For more than two decades, The Crystal Method has remained at the forefront of the
worldwide dance music industry as pioneers of the big beat genre, innovators of the
‘90s electronica movement and current-day global ambassadors of the American
electronic sound. Originally formed as a duo—alongside founding member Ken Jordan,
who retired from the music business in 2016—The Crystal Method today lives and
breathes as a solo act, with co-founder Scott Kirkland at the helm. And with the artistic
reboot comes the next chapter in The Crystal Method timeline:
The Trip Home, out September 28 on the band’s own Tiny E Records.
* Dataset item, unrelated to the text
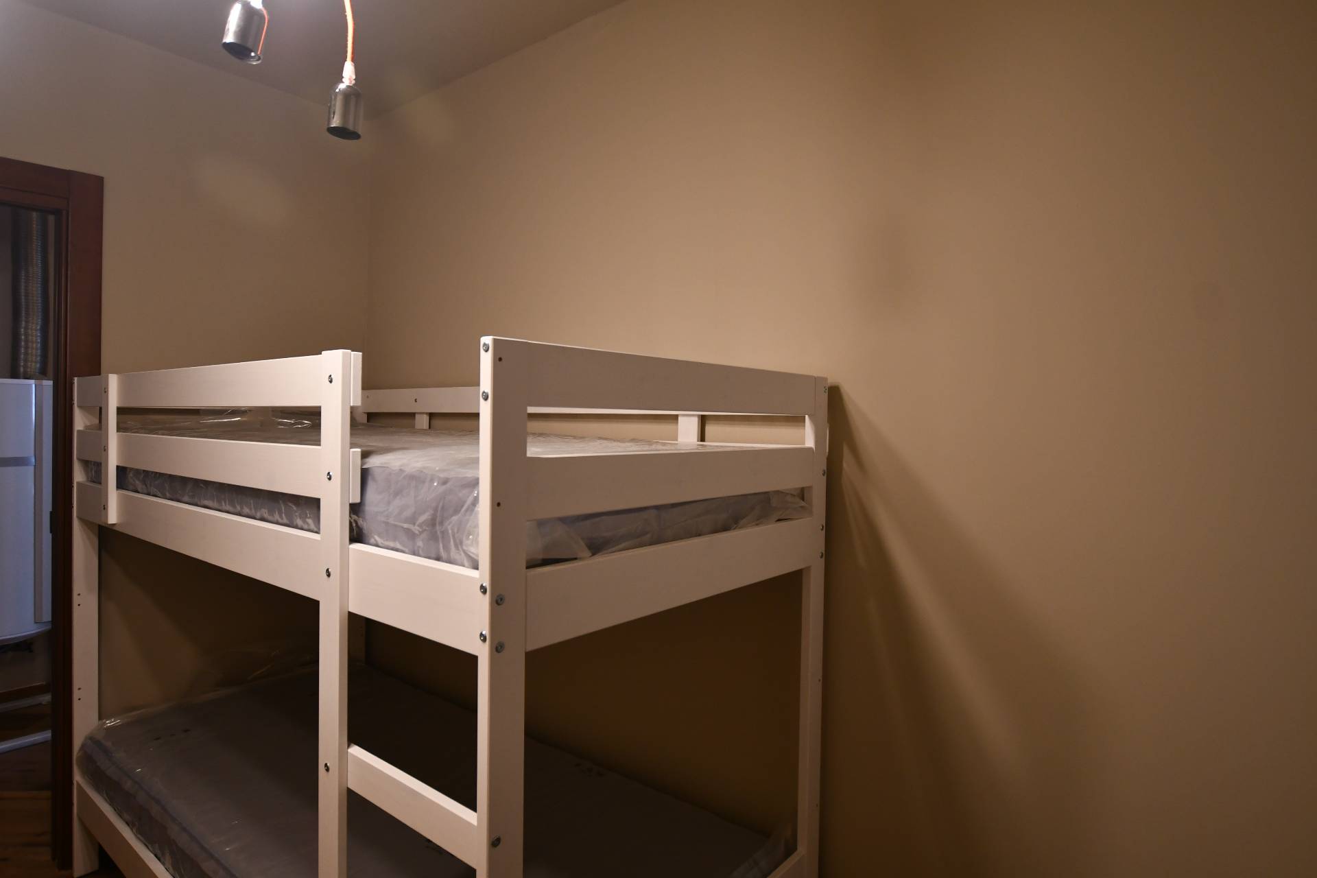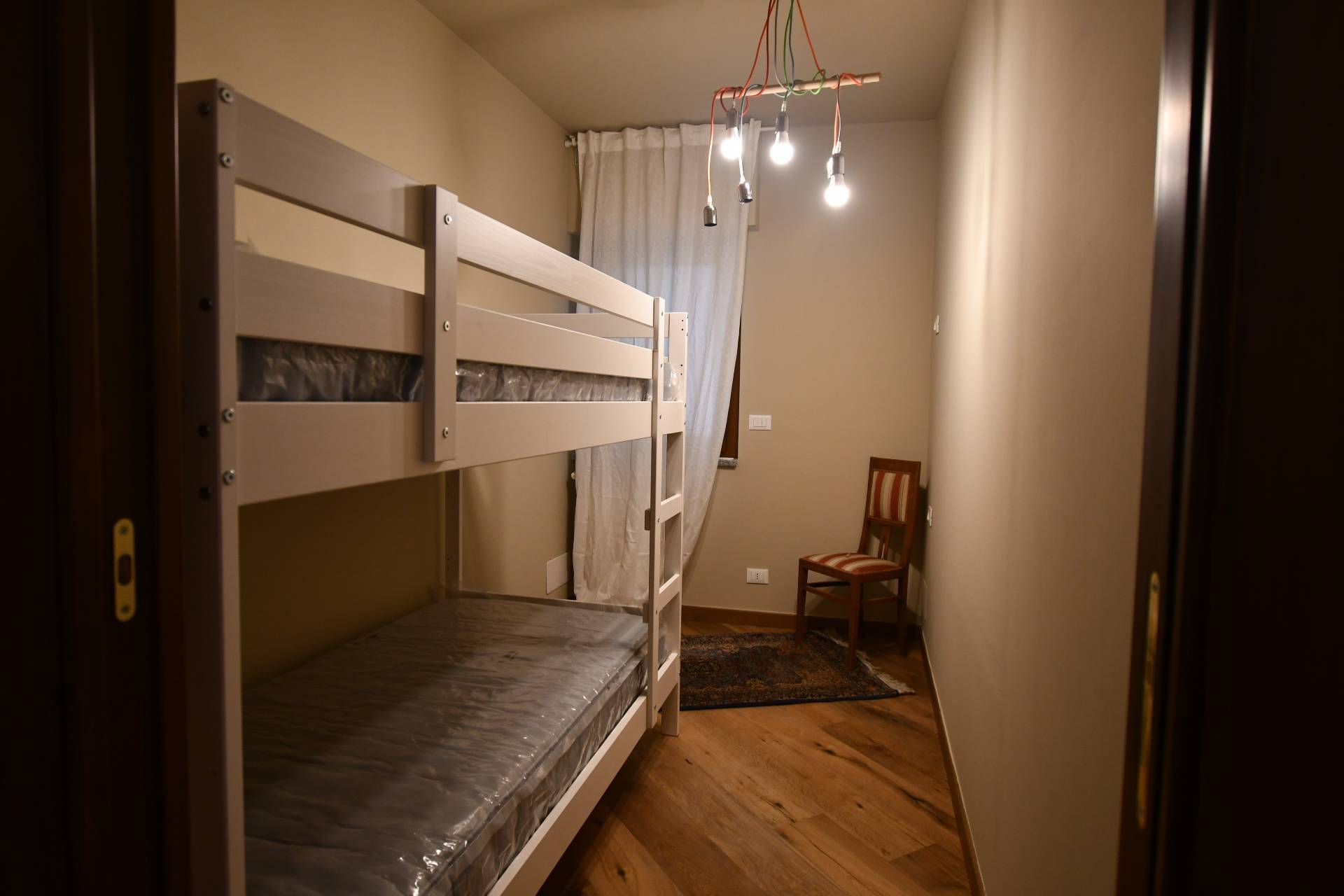 Gli spazi sono ben organizzati, si accede ad un ampio ingresso living con angolo cottura attrezzato di tutti gli elettrodomestici, e la zona notte è suddivisa in due camere da letto di cui una matrimoniale e una con un letto a castello ed il bagno.

As the sixth full-length The Crystal Method album and Kirkland’s first as a newfound
solo act, The Trip Home serves as the creative rebirth of the brand. An artistic manifesto and love letter to the electronic world, The Trip Home welcomes Kirkland at the driver’s seat with full control of the reins.
For the new album, which he co-produced with Glen Nicholls, Kirkland dove deep into the decades-spanning discography of The Crystal Method. The result is a sound that revisits the roots of the classic Crystal Method aesthetic, while pushing its possibilities into the future. Equal parts throwback and dynamic futurism, The Trip Home expands Kirkland’s unrestrained curiosity into new realms and new sounds.
To perfect this fine balance, Kirkland took a back-to-basics approach, which saw him
firing up his arsenal of analog synths and reconnecting with his collection of vintage
gear. The lead single “Holy Arp” captures this calculated formula perfectly: A brooding
intro of darkly tinged bleeps and bloops slowly builds the song’s tension before it pours
into a bed of chunky synths, distorted reverb and alien sounds.
It was “Holy Arp” that gave Kirkland the first flashes of the cohesive sound that would shape The Trip Home.
“As soon as I got that track going, I knew I had found the direction for the new album,” Kirkland says. “It reverberates with the sound of Crystal Method classics like ‘Name of the Game’ and has some of the gnarliness of ‘Vapor Trail.’ It’s an angry, ballsy, bombastic trip down the inner workings of the vintage ARP 2600 synth.”